We use the BOK-VQA dataset [1] which is an English multi-speaker corpus.

[1] Kim, MinJun, et al. “Bok-vqa: Bilingual outside knowledge-based visual question answering via graph representation pretraining.“, AAAI 2024.

Related Work

The 2-stage structure of GEL-VQA incurs high retraining costs when adding new triplet knowledge and has a high risk of information loss and noise during the fusion of KGE and image-text modality spaces. As a result, it is impractical for real-time dynamic environments.

[1] Kim, MinJun, et al. “Bok-vqa: Bilingual outside knowledge-based visual question answering via graph representation pretraining.“, AAAI 2024

Proposed Method

Link-Tuning efficiently learns triplet relationships within a text encoder’s shared representation space. Unlike traditional KGE, it integrates new knowledge without retraining or alignment with the backbone model. By leveraging structured prompts, it enables autonomous relationship learning. Previous studies predicted relationships independently from encoder-extracted vectors but lacked triplet interactions. To address this, HK-TriNet and HK-TriNet+ extend FiLM as a hierarchical knowledge transfer module, enabling effective triplet relationship learning through contextual information propagation.

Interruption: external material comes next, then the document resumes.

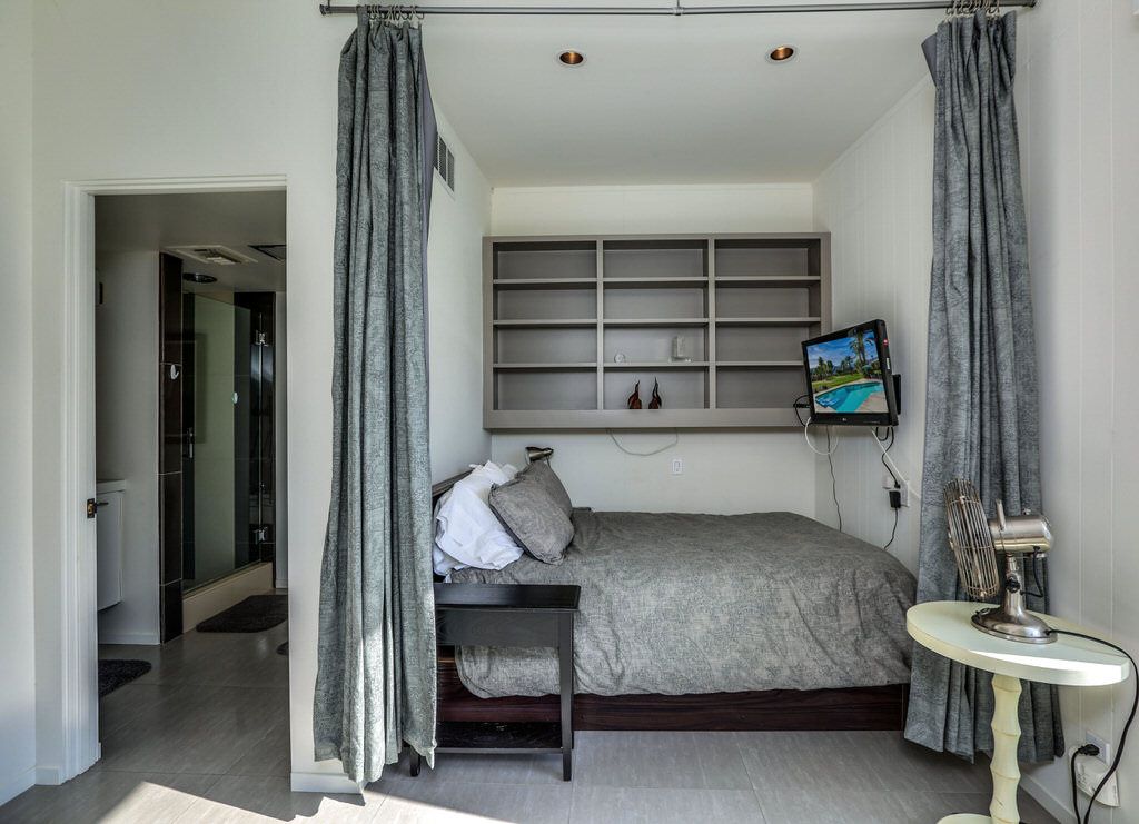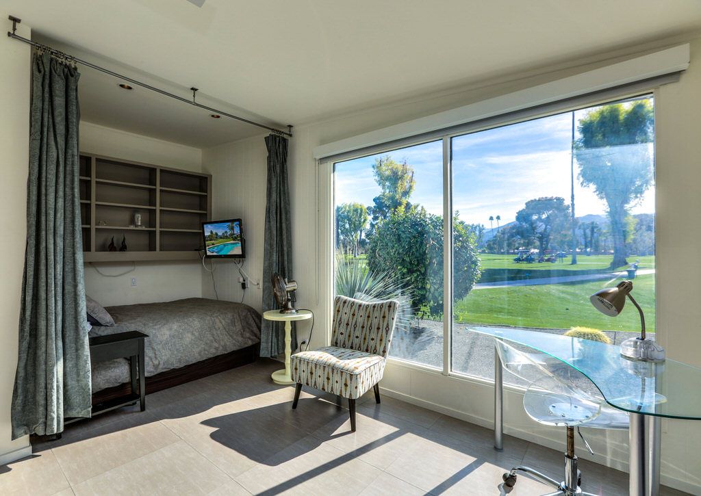 There is a bonus room on the opposite side of the home and features walls of glass overlooking the golf course, pool, and mountain backdrop beyond. The full-size bed is tucked into a cozy sleeping nook for privacy with a 32"" TV. An ensuite bathroom has been recently updated and offers a walk-in shower.

[2] Jeong, HyeonKi, et al. “HiLINK: Hierarchical Linking of Context-Aware Knowledge Prediction and Prompt Tuning for Bilingual Knowledge-Based Visual Question Answering“, Knowledge-Based Systems 2025 (submitted)

The HiLINK model outperformed the SOTA model, GEL-VQA, achieving 19.40% higher accuracy in a bilingual setting, 12.01% in English, and 11.30% in Korean. Additionally, some VLM-based baseline models proposed in this study also surpassed GEL-VQA. Moreover, HiLINK reduced error margins, demonstrating stable generalization performance.

Performance improvements were validated, and embedding learning effectiveness was analyzed. The Freeze-Freeze method splits the representation space, whereas the Frozen-Training method ensures a more uniform distribution within a single space.

[2] Jeong, HyeonKi, et al. “HiLINK: Hierarchical Linking of Context-Aware Knowledge Prediction and Prompt Tuning for Bilingual Knowledge-Based Visual Question Answering“, Knowledge-Based Systems 2025 (submitted).